I always understood it to be a feature of Excel that it couldn't cope with larger datasets.
It means you are forced to consider buying an expense Enterprise SQL license once you are using it in earnest. If it wasn't for Excel chocking on 5million rows I'm convinced most businesses wouldn't bother with databases at all.
>> "Most businesses wouldn't bother having a cafeteria if only Excel could cook meals."
This part is tongue in cheek, but true. There are businesses out there, where excel is used for everything, including many things it should never be used for. Seriously powerful app. Seriously (ab)used.
I don't hate Excel, but I hate the "craplications" hare-brained power users create.

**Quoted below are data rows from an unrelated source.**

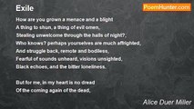 THE rustling palms bend readily <br />Between the sun and me; <br />The trades blow warm and steadily <br />Across the turquoise sea; <br />But I'd rather feel the March wind bite <br />In the country of the free. <br /> <br />Hibiscus and camellias <br />Bloom here abundantly, <br />And roses and gardenias <br />The sweetest flowers there be <br />But I'd rather see through the bare north woods <br />One bridal dogwood tree. <br /> <br />The tropic light is mellow <br />As a lamp in a lighted room; <br />The sun shines high and yellow <br />In the quivering cloudless dome; <br />But, oh, for the snow and the cruel cold <br />And the rigors of my home!<br /><br />Alice Duer Miller<br /><br />http://www.poemhunter.com/poem/song-in-exile/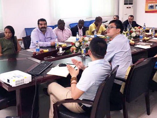 外國嘉賓在宏陶陶瓷展廳參觀過程中,對宏陶陶瓷“新、精、美”的瓷磚產(chǎn)品贊不絕口。宏陶出口部領導為到訪客人詳細介紹了宏陶陶瓷的企業(yè)實力、品牌文化和產(chǎn)品優(yōu)勢。羅安達市市長對宏陶陶瓷強大的品牌實力給予了高度的評價,并表示有意向選購宏陶仿古磚、釉面磚和瓷質(zhì)拋光磚產(chǎn)品作為羅安達市區(qū)新建學校的裝飾用磚。
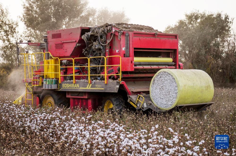 在新疆尉犁縣,農機手駕駛采棉機打包棉包(10月20日攝)。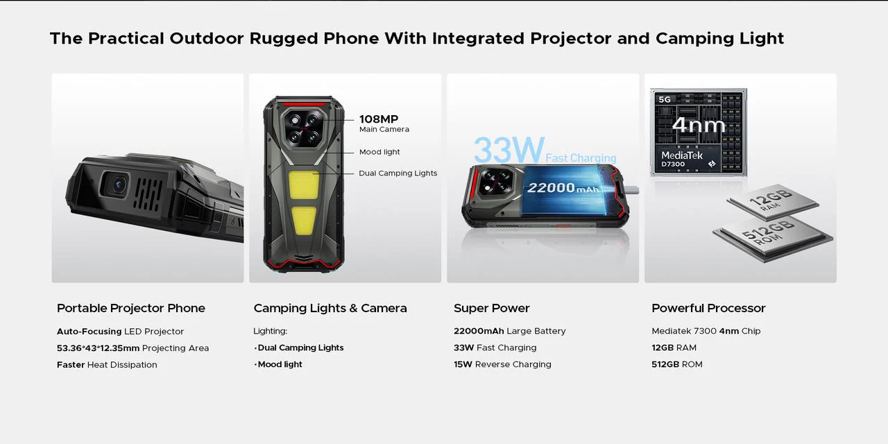 IT之家 3 月 17 日消息,来自中国的手机制造商 Doogee 本月发布了“坚固型”智能手机新品 V Max Play,官方称其内置便携投影仪、强力露营灯和超大 22000mAh 电池,是一款户外使用的多功能工具。

16 GB. That was enough to load it into RAM, it was a matter of the "right tool for the right job". MySQL handles large datasets easily, probably because it's not trying to display all the thousands of columns x millions of rows at once.
I've found the same to be true for editors. Most text editors have struggled to open large log files (500+ MB) whereas cat can open a file of basically any size.
I've had a similar experience with editors, good old vim and less works but most other editors will crash or become unusable as log sizes increase.
Of cause, for parsing logs a few well thought out awk commands combined with sed, sort, unique and other *nix utilities usually beats everything else in my experience.
It means you are forced to consider buying an expense Enterprise SQL license once you are using it in earnest. If it wasn't for Excel chocking on 5million rows I'm convinced most businesses wouldn't bother with databases at all.